The amount in which the blowing agent is used is generally in the range from 0.05 to 10% and preferably in the range from 0.1 to 5%, based on the overall weight of composition (B). The polyurethane layer which results in this embodiment typically has a density of 0.5 to 1 .1 kg/liter and preferably of 0.6 to 0.9 kg/liter.

In one preferred embodiment, the polyol composition (B) comprises fillers (d). The customary fillers known in the field of polyurethane chemistry are suitable in general. Examples of suitable fillers are glass fibers, mineral fibers, natural fibers, such as flax, jute or sisal for example, glass flakes, silicates such as mica or glimmer, salts, such as calcium carbonate, chalk or gypsum.

It is preferable to use fillers which create cracks in the resulting polyurethane layer on its being subjected to orientation. These cracks generally lead to enhanced breathability. It is particularly preferable to use calcium carbonate as filler.

The fillers (d) are typically used in an amount from 0.5% to 50% by weight and preferably from 10% to 40% by weight, based on the overall weight of composition (B).

In one preferred embodiment, the polyol composition (B) comprises water traps (e). The customary water traps known in the field of polyurethane chemistry are suitable in general. Examples of suitable water traps are zeolites, especially in the form of zeolite pastes (an example being Baylith® L Paste 3A).
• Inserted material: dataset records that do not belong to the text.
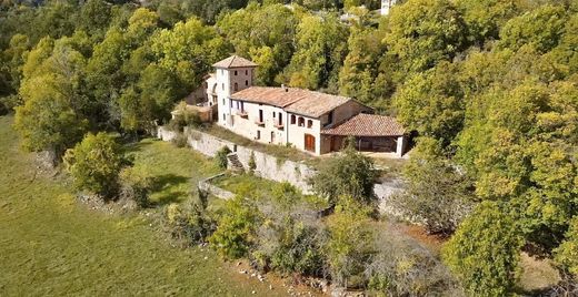BARNES präsentiert diese historische katalanische Masia, La Batllia, ein prächtiges Landhaus in den Ausläufern der Pyrenäen. Dieses architektonische Juwel vereint auf perfekte Weise rustikalen Charme, kulturelles Erbe und einen atemberaubenden Panoramablick, der sich von der Hochebene bis zum Meer erstreckt. Das aus Stein erbaute und auf einer Höhe von 1.040 Metern gelegene Anwesen bietet eine bezaubernde Kulisse, die durch das sanfte Plätschern seiner natürlichen Quelle noch verstärkt wird. La Batllia erstreckt sich über 769 m² (8.800 Quadratfuß), einschließlich eines 64 m² (780 Quadratfuß) großen Gästehauses, und wurde von seinen derzeitigen Eigentümern – Experten für Geschichte, Archäologie, Antiquitäten und Design – sorgfältig erhalten, denen es gelungen ist, seine Authentizität zu bewahren. Das Haupthaus verfügt über fünf Schlafzimmer, drei Badezimmer, ein großes Wohnzimmer, ein Esszimmer und eine Küche. Teile des Gebäudes stammen aus dem 17. Jahrhundert und ein vierstöckiger Turm aus dem 19. Jahrhundert bietet eine atemberaubende Aussicht. Das freistehende Gästehaus verfügt über einen offenen Wohnbereich, ein Badezimmer, einen originalen Brotbackofen und einen privaten Garten, sodass Besucher völlige Unabhängigkeit genießen und gleichzeitig das gleiche außergewöhnliche Panorama genießen können. Ganz im Sinne traditioneller katalanischer Masias beherbergte das Erdgeschoss einst die Tiere, während die Familie im Obergeschoss wohnte. Bemerkenswerte historische Merkmale wie Futtertröge und ein prächtiger gotischer Bogen aus dem 14. Jahrhundert, der einst als Eingang zum ursprünglichen Haus diente, sind erhalten geblieben. Dieser Bereich bietet zukünftigen Eigentümern interessante Renovierungsmöglichkeiten. Das Anwesen liegt auf einem weitläufigen, 66.000 m² großen Grundstück und wird saisonal von Pferden und Kühen beweidet. Es bietet viele ruhige Ecken, um die umliegende Natur zu genießen. Dank der idealen Lage, nur 10 Minuten vom mittelalterlichen Dorf Camprodón und 40 Minuten von einem großen Skigebiet entfernt, bietet es einen perfekten Rückzugsort, der Privatsphäre mit Zugang zu Annehmlichkeiten verbindet. Drei benachbarte Stadtgrundstücke sind im Preis inbegriffen. Für weitere Informationen kontaktieren Sie uns oder besuchen Sie www.barnes-barcelona.com.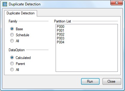 - Select Tools > Duplicate Detection. The Duplicate Detection dialog displays, as shown below: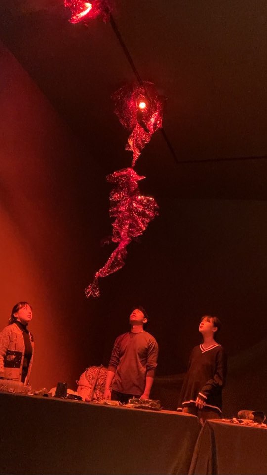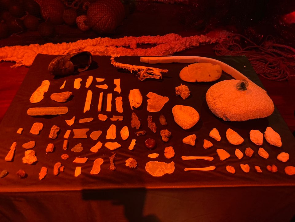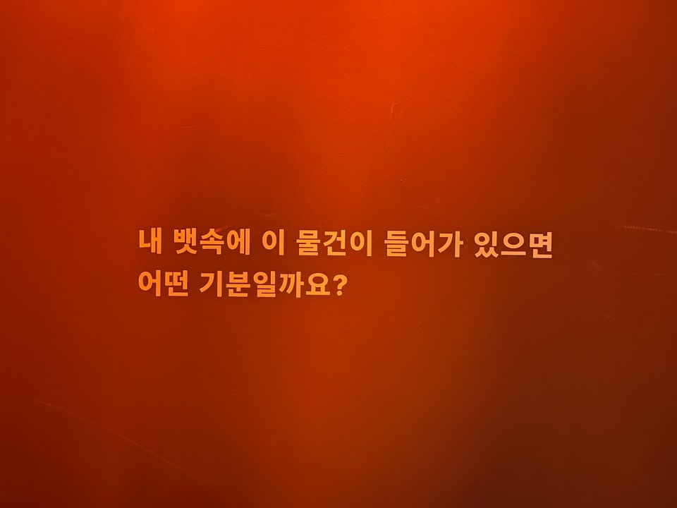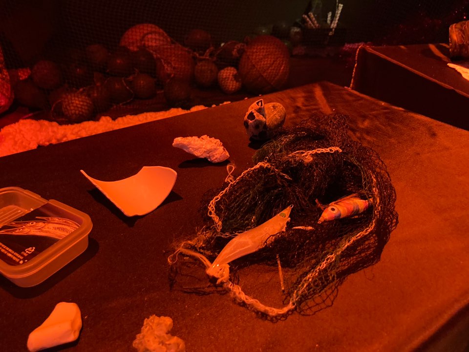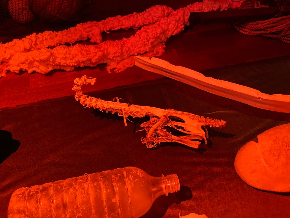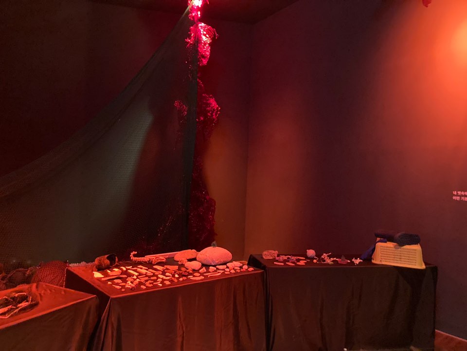 전시 공간의 핵심 컨셉 중 하나는 성경 속 요나의 이야기를 기반으로 한 고래 뱃속을 표현한 공간입니다. 이를 위해 붉은 셀로판을 활용하여 고래의 내부를 상징적으로 재현하였고, 실제로 수거한 해양쓰레기를 디스플레이 요소로 추가하여 해양 환경 문제에 대한 메시지를 담았습니다.

Water traps (e) are typically used in an amount from 1 % to 10% by weight and preferably from 3% to 8% by weight, based on the overall weight of composition (B).

In one particularly preferred embodiment, the components (A) and composition (B) include from 40% to 70% by weight of polytetrahydrofuran, based on the overall weight of components (A) and composition (B). The polytetrahydrofuran here preferably has a molecular weight as described above.
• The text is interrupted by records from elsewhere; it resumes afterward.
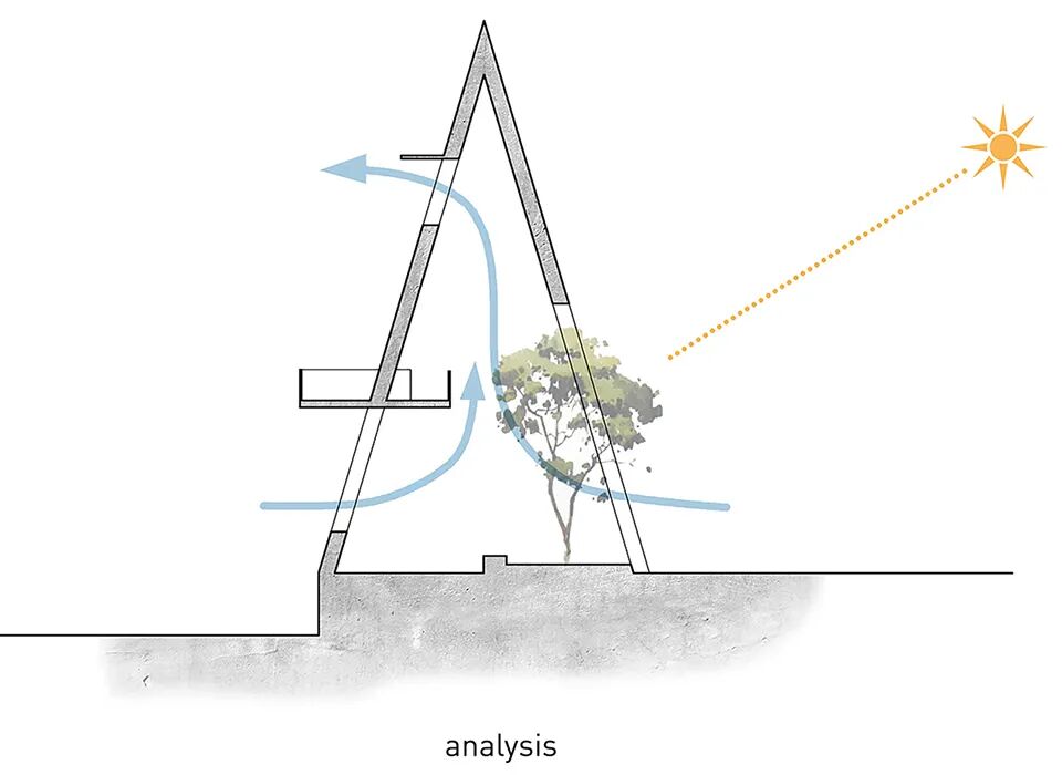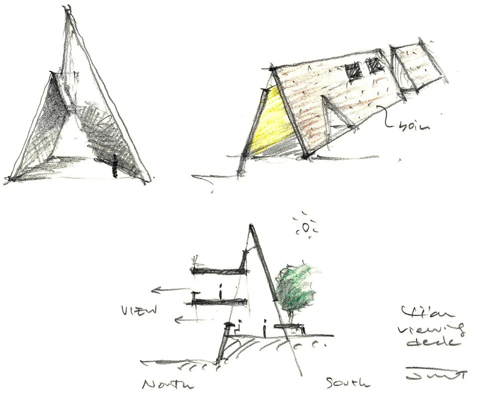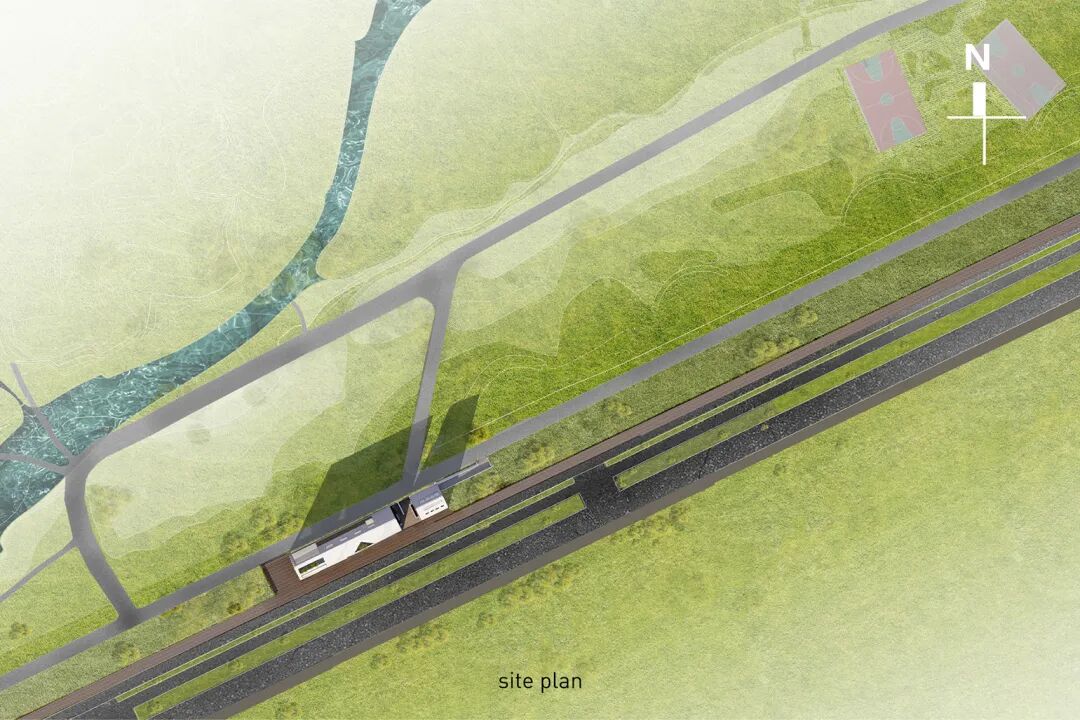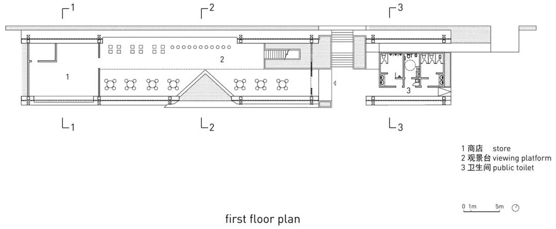 建筑包括三个功能,两层的开放式观景台,微型商店,以及独立的公共卫生间,让人们在河滨运动游憩之余可歇留赏景。观景台南北通透,东西格栅为界,向北观渭河滔滔,向南赏都市农田景观、远处的高铁高架桥及城市的轮廓。花坛作为观景台的一部分与河岸的林木相映。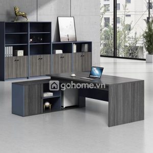 Thiết kế hình chữ L là lựa chọn tối ưu nhất cho giám đốc, trưởng phòng cần xử lý nhiều đầu việc cùng lúc. Với bố cục chia thành 2 mặt bàn: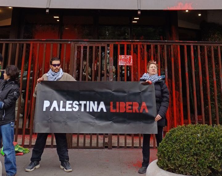 Sabato mattina, alle ore 12.00 sei persone aderenti alle campagne di Palestina Libera e Ultima Generazione hanno compiuto un’azione di disobbedienza civile nonviolenta, lanciando vernice lavabile color sangue contro la sede centrale della Leonardo s.p.a. a Roma. Hanno poi srotolato lo striscione con scritto…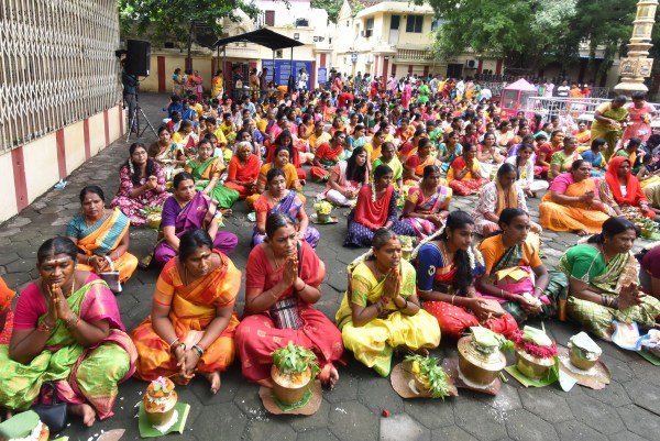 चेन्नई स्थित रॉयपेटा के वी एम स्ट्रीट स्थित नागथम्मन मंदिर में रविवार को हजारों महिला श्रद्धालु दूध के बर्तनों के साथ दुग्धाभिषेक का इंतजार करती हुई। दरअसल अगले सप्ताह के गुरुवार को आडी मास की शुरुआत के तहत यह पूजा की गई।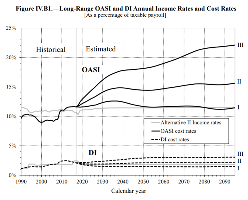 Hahaha no of course the news isn’t as good as that. First of all, from the perspective of a Social Security participant, being “invested” in the program is actually much riskier than investing in treasury bonds. Your future benefits in fact depend on the path of average earnings in the economy, and this is a variable that is subject to the same sort of macroeconomic risks as the stock market. John Geanokoplos actually has another paper on this topic and concludes that the SSA should be using a much higher rate to discount its liabilities than the “risk-free” rate it currently prefers.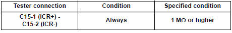 CAUTION: Never connect a tester to the curtain shield airbag assembly RH (Curtain shield squib RH) for measurement, as this may lead to a serious injury due to airbag deployment.

In the present invention, the reaction to form a non-solvent polyurethane system takes place in the presence of catalysts (f) in polyol composition (B). The catalysts comprise at least a non-tin metal compound (f-1) and an amine-based catalyst (f-2).

It has been surprisingly found that the inventive polyurethane system kept a good peeling strength at a lower curing temperature by using such catalyst combination during the artificial leather producing.

In one preferred embodiment, component (f-1) comprises at least one from zinc, bismuth or calcium contained organic metal catalyst, more preferably a Zinc organic metal catalyst.

The component (f-1) typically has a zinc organic metal catalyst selected from zinc neodecanoate, zinc octoate, zinc naphthenate, zinc tallate, zinc (C9-C14) carboxylate, zinc acetate, zinc diacetylacetonate or zinc (2-ethylhexanoate). If bismuth contained organic metal catalyst is used, it is usually selected from bismuth neodecanoate, bismuth 2-ethylhexanoate and bismuth octanoate. Besides, the calcium bis(2-ethylhexanoate) is also used in this invention.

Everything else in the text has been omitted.